Task instructions:
Could you transcribe exactly the lines below, from the line with "W naszym sklepie" through the line with "朝一予約に自転車乗って~途中、ひまわりが咲いてたので記念に一枚。", and nothing else, leaving out the pictures?

Dataset excerpts:
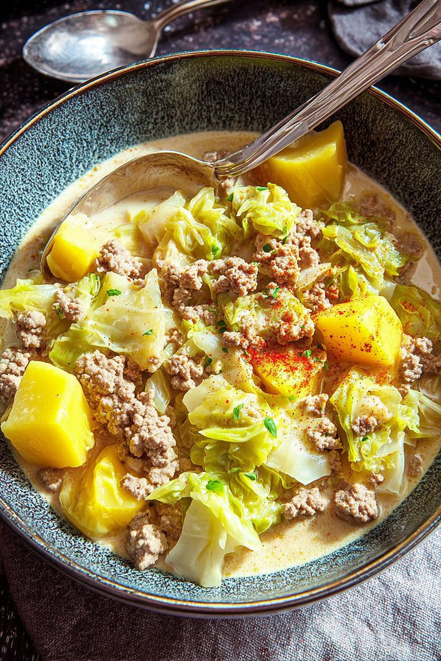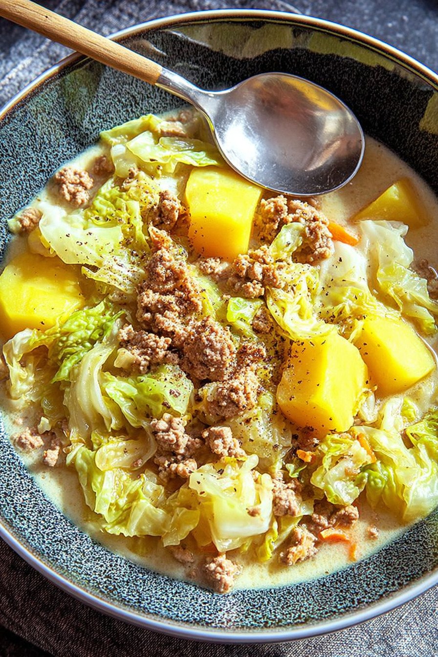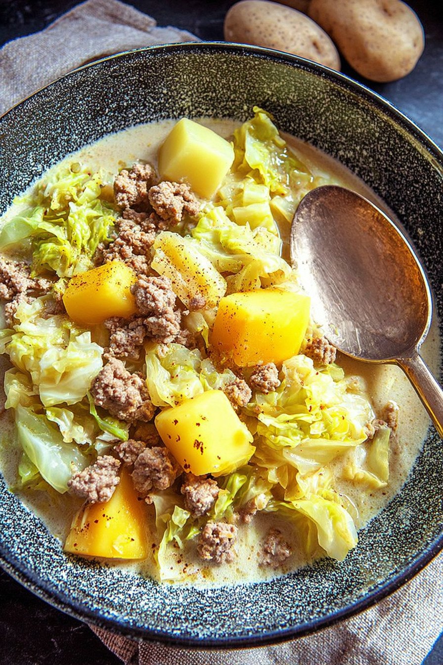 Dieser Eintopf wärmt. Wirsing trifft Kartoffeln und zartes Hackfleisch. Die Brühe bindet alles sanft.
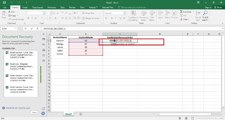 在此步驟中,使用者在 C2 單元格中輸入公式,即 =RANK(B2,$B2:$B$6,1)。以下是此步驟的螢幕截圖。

* * *

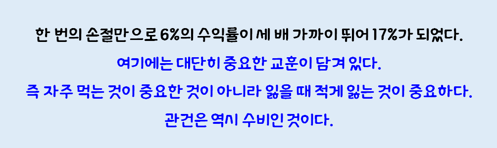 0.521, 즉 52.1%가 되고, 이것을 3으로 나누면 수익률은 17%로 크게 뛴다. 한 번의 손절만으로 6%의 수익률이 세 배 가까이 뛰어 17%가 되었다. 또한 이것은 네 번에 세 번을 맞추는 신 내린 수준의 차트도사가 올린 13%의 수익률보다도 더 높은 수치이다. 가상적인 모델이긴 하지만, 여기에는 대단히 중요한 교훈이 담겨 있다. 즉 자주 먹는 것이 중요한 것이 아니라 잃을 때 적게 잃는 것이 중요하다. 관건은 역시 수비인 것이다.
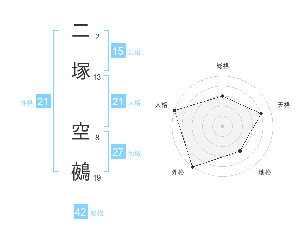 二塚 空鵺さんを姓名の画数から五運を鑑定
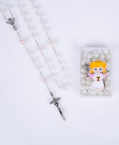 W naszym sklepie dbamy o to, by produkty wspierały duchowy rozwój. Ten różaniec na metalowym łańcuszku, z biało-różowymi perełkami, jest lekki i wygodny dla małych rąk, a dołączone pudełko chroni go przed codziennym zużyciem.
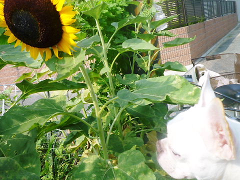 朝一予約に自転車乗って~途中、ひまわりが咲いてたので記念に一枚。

Exercise output:
 W naszym sklepie dbamy o to, by produkty wspierały duchowy rozwój. Ten różaniec na metalowym łańcuszku, z biało-różowymi perełkami, jest lekki i wygodny dla małych rąk, a dołączone pudełko chroni go przed codziennym zużyciem.
 朝一予約に自転車乗って~途中、ひまわりが咲いてたので記念に一枚。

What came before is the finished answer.